▶ Exercise:
Start at the line with "Barbie Glam NPC" and print every line through the end of the material below. Keep it exact and free of pictures.

▶ Given information:
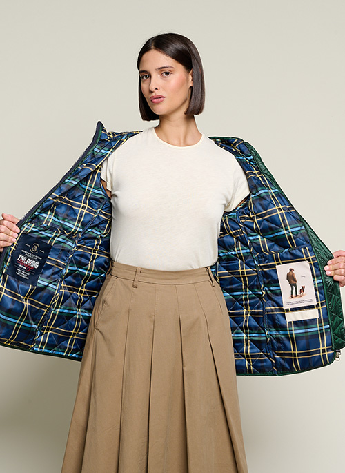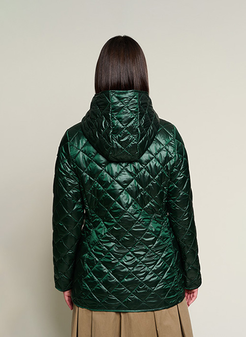Women's short husky-style down jacket. Zippered pockets. Center double-zipper closure. Printed lining. Fixed hood. Two inside pockets. Water-repellent fabric.
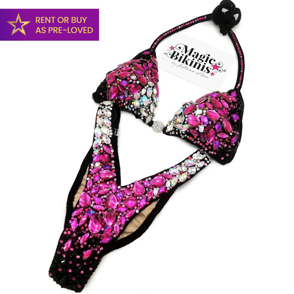 Barbie Glam NPC & IFBB Pro League Figure Suit Rental is a pink/black figure suit rental from Magic Bikinis. The source copy positions it with NPC & IFBB Pro League styling cues.
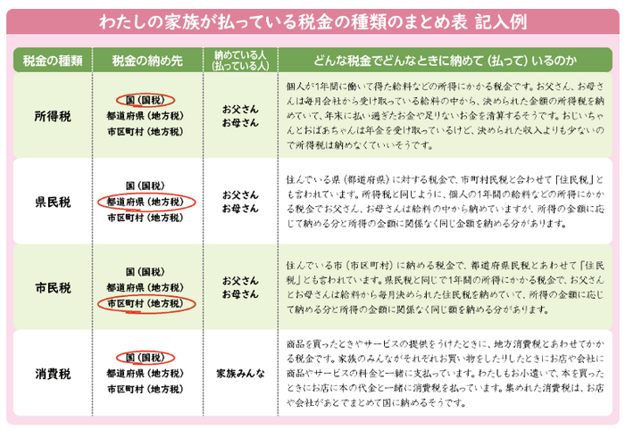 「子どもたちにとっても身近」とは言っても、種類がいろいろあるのが税金です。まずはレシートをチェックしたり、家族にインタビューしたりして身近な税金の種類を知ることからはじめ、自分や家族がどんな税金を払っているのか、国や都道府県・市区町村にはどんな税金が集められているのかなどを調べていく自由研究です。税金との関わりについて学ぶことができ、「調査シート」「税金の種類まとめ表」「国や都道府県、市区町村の税金チェックシート」「まとめ用シート」など自由にダウンロードできるワークシートも用意。こちらは学校における租税教育教材としても活用でき、授業の中で調べたりまとめたりするのにも役立ちます。
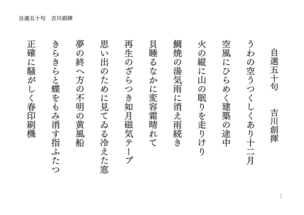 自選五十句 吉川創揮

▶ Exercise response:
 Barbie Glam NPC & IFBB Pro League Figure Suit Rental is a pink/black figure suit rental from Magic Bikinis. The source copy positions it with NPC & IFBB Pro League styling cues.
 「子どもたちにとっても身近」とは言っても、種類がいろいろあるのが税金です。まずはレシートをチェックしたり、家族にインタビューしたりして身近な税金の種類を知ることからはじめ、自分や家族がどんな税金を払っているのか、国や都道府県・市区町村にはどんな税金が集められているのかなどを調べていく自由研究です。税金との関わりについて学ぶことができ、「調査シート」「税金の種類まとめ表」「国や都道府県、市区町村の税金チェックシート」「まとめ用シート」など自由にダウンロードできるワークシートも用意。こちらは学校における租税教育教材としても活用でき、授業の中で調べたりまとめたりするのにも役立ちます。
 自選五十句 吉川創揮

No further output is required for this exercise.